• The VOIDRUNNER'S CODEX is coming! Explore new worlds, fight oppressive empires, fend off fearsome aliens, and wield deadly psionics with this comprehensive boxed set expansion for 5E and A5E!

DM "adding" to your PC's background?

What is your view about DM "taking control" of PC background?

  • DM must consult with players first, no surprises

    Votes: 33 29.2%
  • Filling the blanks is good, if it's done right

    Votes: 74 65.5%
  • No, just plain no!

    Votes: 2 1.8%
  • Something else?

    Votes: 4 3.5%

Nagol

Unimportant
<snip>

PC's Story: My player was the daughter of a baroness who is out in the world seeking to prove herself worthy of the future title in taking over the duties of the barony. The barony has fallen on hard times to due lost feud with a hated barony that has managed to usurp much of the fortunes that rightfully belongs to us.

DM's Notes: The current baroness, the mother of the PC, adds to the misfortunes of the barony by trying to live the lifestyle they once had. Lavish parties, opulent clothes, feasts for kings and queens, and servants galore are the rule of the day. Now the barony is heavy in debt and the heir to the barony not only must prove herself capable, but keep the creditors at bay.

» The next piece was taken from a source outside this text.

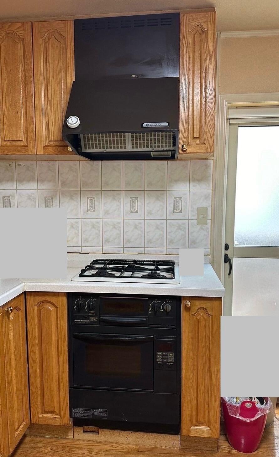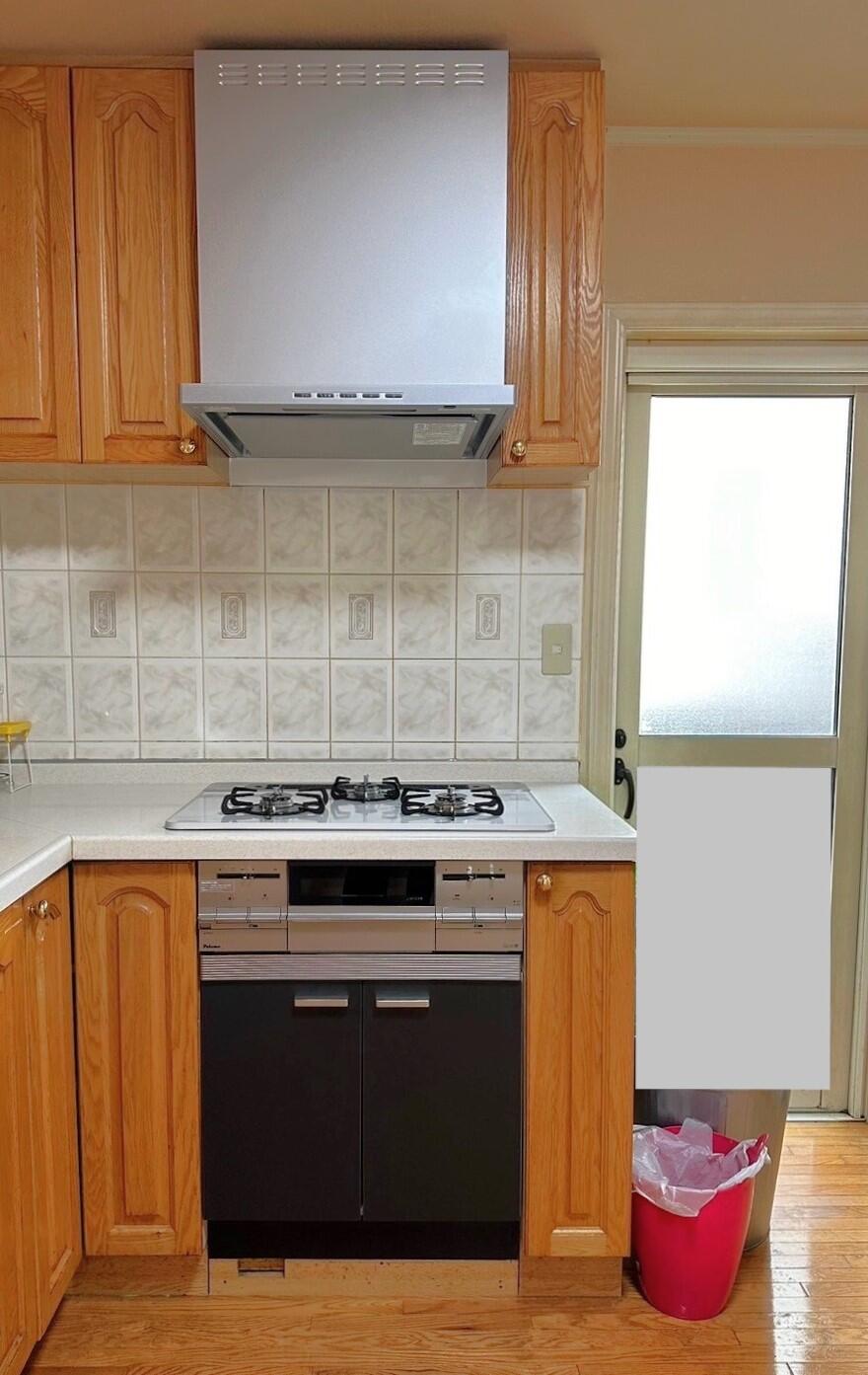 今回のリフォームのきっかけは、キッチンのレンジフードが作動しなくなったことと、ガスコンロも古い為、交換をご希望。コンロ下のビルトインオーブンもほとんど使わない為、撤去して収納にすることにしました。
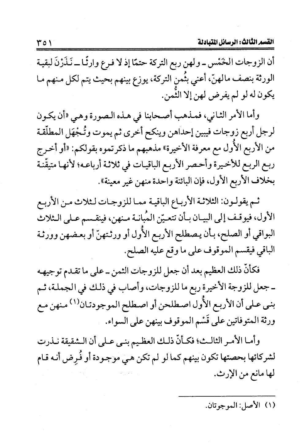 فكأنّ ذلك العظيم بعد أن جعل للزوجات الثمن ــ على ما تقدم توجيهه ــ جعل للزوجة الأخيرة ربع ما للزوجات، وأصاب في ذلك في الجملة، ثم بنى على أن الأربع الأُول اصطلحن أو اصطلح الموجودتان (¬١) منهن مع ورثة المتوفاتين على قَسْم الموقوف بينهن على السواء.

PC's Story: My player fled his community because of the wanderlust within him and he didn't want the responsibilities of home.

DM's Notes: He fled because of the arranged marriage his mother and prospective wife wanted for him.

I'm fine with first addition -- it embellishes the situation by adding to the elements normally within control of the DM; NPC motivations and actions.

I'd hate the second addition; it stomps on the PCs personailty and response to stimulus. Perhaps the player has a vision of the character where he fled before being saddled with responsibility because once it comes, he'll treat it responsibly. Perhaps in the player's eyes, an arranged marriage would be immoral for the character to shirk and he wouldn't have gone off if one had been in the offing.
 

log in or register to remove this ad

Than

First Post
Some players maybe ok with it, but some may also think a DM would be taking a big liberty by deciding bits of the background for the player.

I've DM'd a number of games and would always discuss with the players if I wanted some bits of the background better defined.

Also no DM has ever written any part of my background for me, but they have at times offered up some suggestions.
 

prosfilaes

Adventurer
This means that instead of asking, "Is there anyone I know in this town?" my character will actively seek out people in the town he wants to meet, learn something about them, introduce himself, earn their trust - which is far cry from passively moving my game-piece around the board and waiting for my next turn to roll the dice.

Sounds like a game of Papers and Paychecks to me. All the networking games I dread about real life.

My character lived 150 years in Evermeet. You're telling me that unless I have them written down on my character sheet, I don't know anyone from Evermeet? If my character instead had spent those 10 levels fighting in the Dalelands, he would have meet people in the same occupation. Instead of being able to interact with some of them, my Charisma 9 character must act openly gregarious in an out-of-character way or I'll get labeled passive?
 

Barastrondo

First Post
I look at it this way: the player running Athos didn't set out to run Athos, but that's where the events of the game took him.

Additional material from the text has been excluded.